Adrian_Oprea_1 · April 2016

what is the table definition ?

Like Fin said - the key you use for segmentaiton is important !

Try to use a column that is high candidate for a good predicate column or join column highly prefered.

If no good key is found in the table you can create your own unique column using a sequence , doing this alows you to create a uniform distribution of data across the cluster and minimizing data skew.

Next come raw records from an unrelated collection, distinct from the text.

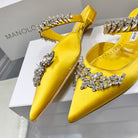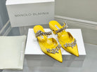 Manolo Flats Mules Crystal Yellow Silk Satin 327472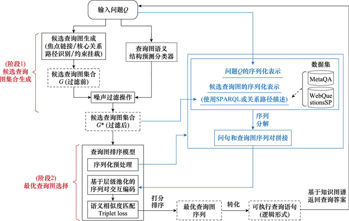 在处理知识图谱复杂问答任务时, 传统的查询图语义解析方法需要在排序阶段对大量结构复杂的候选查询图进行语义编码, 用以获得各自多维特征表示。然而, 在编码过程中采用的全局最大或平均池化操作通常存在对代表性特征提取能力不足的问题。针对以上问题, 提出一种基于层级池化序列匹配的最优查询图选择方法。在实现候选查询图的交互建模过程中, 同时采用层级池化滑动窗口技术分层提取问句和查询图序列对的局部显著性特征与全局语义特征, 使得到的特征向量更好地用于候选查询图的语义匹配打分。所提方法在两个流行的复杂问答数据集MetaQA和WebQuestionsSP上开展广泛实验。实验结果表明: 引入层级池化操作能够有效提取复杂查询图序列的代表性语义特征, 增强原有排序模型的交互编码能力, 有助于进一步提升知识图谱复杂问答系统的性能。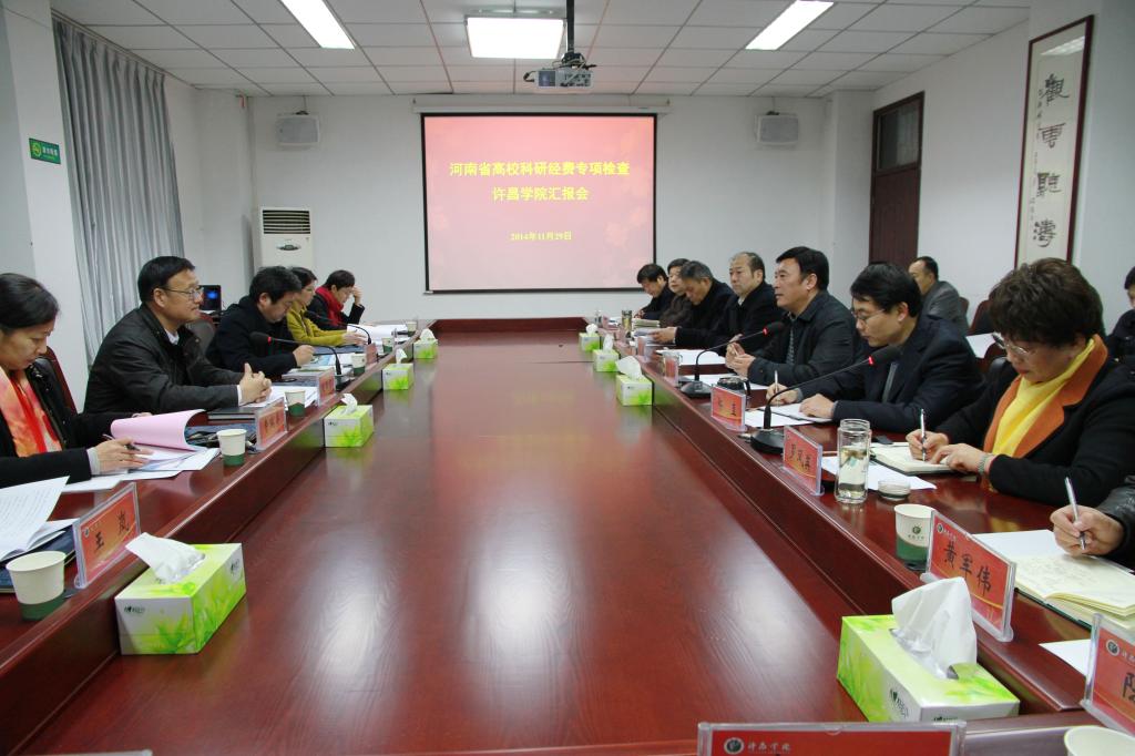 11月29日到30日,由省教育厅副巡视员赵国河担任组长、教育厅科技处副处长张水潮担任副组长的河南省教育厅科研经费专项检查组一行6人莅临金沙官网,对金沙官网科研经费管理和使用情况进行专项检查。在2天的检查期间,检查组人员通过听取汇报、查阅管理制度、审查财务资料、座谈交流、审查项目经费、开展问卷调查等认真细致的检查工作,30日下午,检查组对检查结果进行反馈,金沙官网以“优秀”成绩顺利通过本次专项检查。党委书记王清义,副院长郑直、崔斌,纪委书记罗凤英等学校领导接待了检查组一行并听取了检查反馈。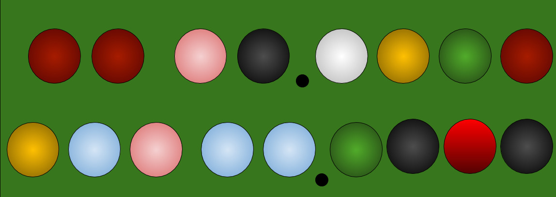 You step into the Billiard Room where a full sized slate snooker table occupies pride of place in the middle of the room. Looks like there were a few games of snooker here last night - perhaps money changed hands, could that be a motive for the crime that took place? You look closely at the balls arranged on the table.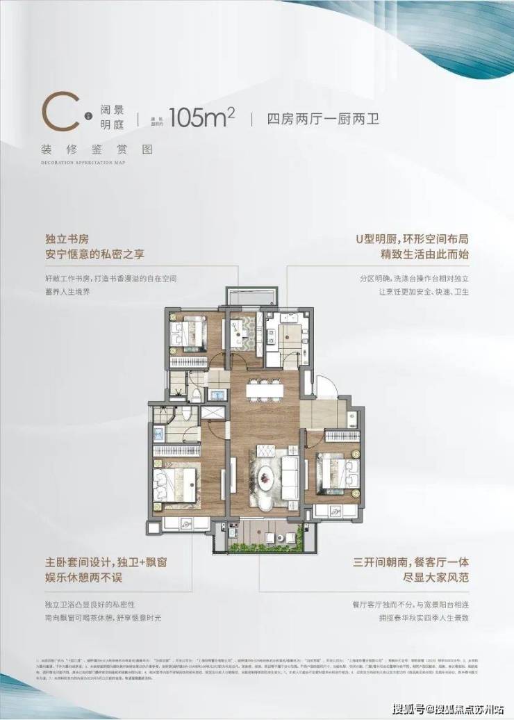约127㎡户型是洋房的旗舰户型,采用了奢华的四开间设计,户型布局三卧室朝南,贴合当地的生活习惯主卧采用全套房设计,同时与主卧相邻的次卧室可以根据小业主的自身需要,同主卧室灵活合并。
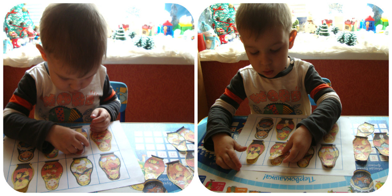 Первая наша остановка - это "цех" изготовления подарков - по видео помощники рассказывают о матрешки - мы ее тоже вспомнили - нашли по лото каждой из них сестренку.

Also is important to understand that the cost of dynamically resegmenting data for a join or for a group by, when the projection isn't segmented on the join key or grouping columns, will usually be greater than the extra time caused by some skew. If the data is skewed in a big way, you might want to think about avoiding the skew.

HadyZ · April 2016

HI

its a big table ill just send the end of the projection creation on that table .

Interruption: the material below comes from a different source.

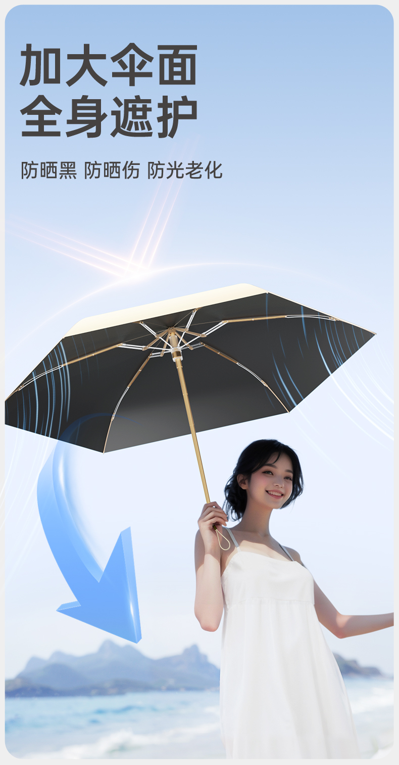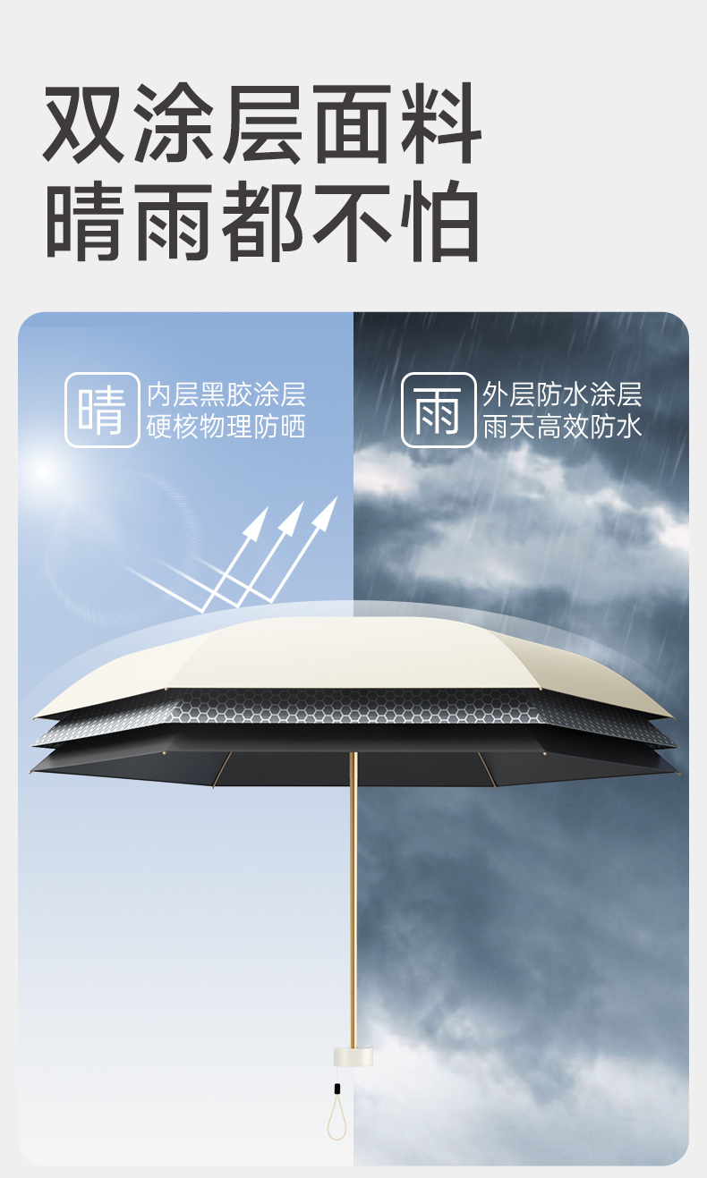 ZUODU左都 瓜瓜全自动三折 节节收防爆冲 8骨复合黑胶 晴雨两用伞

SELECT cxt_hua_u_tgt_cells_3g.audit_sid,
cxt_hua_u_tgt_cells_3g.date_id,
cxt_hua_u_tgt_cells_3g.srv_technology,
cxt_hua_u_tgt_cells_3g.srv_vendor,
cxt_hua_u_tgt_cells_3g.srv_rncname,
cxt_hua_u_tgt_cells_3g.srv_rncid,
cxt_hua_u_tgt_cells_3g.srv_nodebname,
cxt_hua_u_tgt_cells_3g.srv_nodebid,
cxt_hua_u_tgt_cells_3g.srv_cell_network_sid,
cxt_hua_u_tgt_cells_3g.srv_cellname,
cxt_hua_u_tgt_cells_3g.srv_cellid,
cxt_hua_u_tgt_cells_3g.srv_cgi,
cxt_hua_u_tgt_cells_3g.srv_lac,
cxt_hua_u_tgt_cells_3g.srv_ci,
cxt_hua_u_tgt_cells_3g.srv_rac,
cxt_hua_u_tgt_cells_3g.srv_sac,
cxt_hua_u_tgt_cells_3g.srv_uarfcndownlink,
cxt_hua_u_tgt_cells_3g.srv_pscrambcode,
cxt_hua_u_tgt_cells_3g.srv_cellstatus,
cxt_hua_u_tgt_cells_3g.srv_latitude,
cxt_hua_u_tgt_cells_3g.srv_longitude,
cxt_hua_u_tgt_cells_3g.srv_azimuth,
cxt_hua_u_tgt_cells_3g.srv_region,
cxt_hua_u_tgt_cells_3g.srv_adj_path,
cxt_hua_u_tgt_cells_3g.srv_adj_id,
cxt_hua_u_tgt_cells_3g.srv_adj_scellrncid,
cxt_hua_u_tgt_cells_3g.srv_adj_srccellid,
cxt_hua_u_tgt_cells_3g.srv_adj_ncellrncid,
cxt_hua_u_tgt_cells_3g.srv_adj_nbrcellid,
cxt_hua_u_tgt_cells_3g.srv_uext3gcell_ncellrncid,
cxt_hua_u_tgt_cells_3g.srv_uext3gcell_cellid,
cxt_hua_u_tgt_cells_3g.srv_uext3gcell_cellname,
cxt_hua_u_tgt_cells_3g.srv_uext3gcell_lac,
cxt_hua_u_tgt_cells_3g.srv_uext3gcell_rac,
cxt_hua_u_tgt_cells_3g.srv_uext3gcell_pscrambcode,
cxt_hua_u_tgt_cells_3g.srv_uext3gcell_uarfcn,
cxt_hua_u_tgt_cells_3g.relation_type,
cxt_hua_u_tgt_cells_3g.tgt_technology,
cxt_hua_u_tgt_cells_3g.tgt_vendor,
cxt_hua_u_tgt_cells_3g.tgt_rncname,
cxt_hua_u_tgt_cells_3g.tgt_rncid,
cxt_hua_u_tgt_cells_3g.tgt_nodebname,
cxt_hua_u_tgt_cells_3g.tgt_nodebid,
cxt_hua_u_tgt_cells_3g.tgt_cell_network_sid,
cxt_hua_u_tgt_cells_3g.tgt_cellname,
cxt_hua_u_tgt_cells_3g.tgt_cellindex,
cxt_hua_u_tgt_cells_3g.tgt_cgi,
cxt_hua_u_tgt_cells_3g.tgt_lac,
cxt_hua_u_tgt_cells_3g.tgt_ci,
cxt_hua_u_tgt_cells_3g.tgt_rac,
cxt_hua_u_tgt_cells_3g.tgt_sac,
cxt_hua_u_tgt_cells_3g.tgt_uarfcn_dl,
cxt_hua_u_tgt_cells_3g.tgt_priscrcode,
cxt_hua_u_tgt_cells_3g.tgt_cellstatus,
cxt_hua_u_tgt_cells_3g.tgt_latitude,
cxt_hua_u_tgt_cells_3g.tgt_longitude,
cxt_hua_u_tgt_cells_3g.tgt_azimuth,
cxt_hua_u_tgt_cells_3g.tgt_region
FROM zksinsprd.cxt_hua_u_tgt_cells_3g
ORDER BY cxt_hua_u_tgt_cells_3g.date_id,
cxt_hua_u_tgt_cells_3g.audit_sid
SEGMENTED BY hash(cxt_hua_u_tgt_cells_3g.date_id) ALL NODES KSAFE 1;

HadyZ · April 2016

and between this shows how the partitions are distributed and for no reason one of the nodes has more then 2 bln record .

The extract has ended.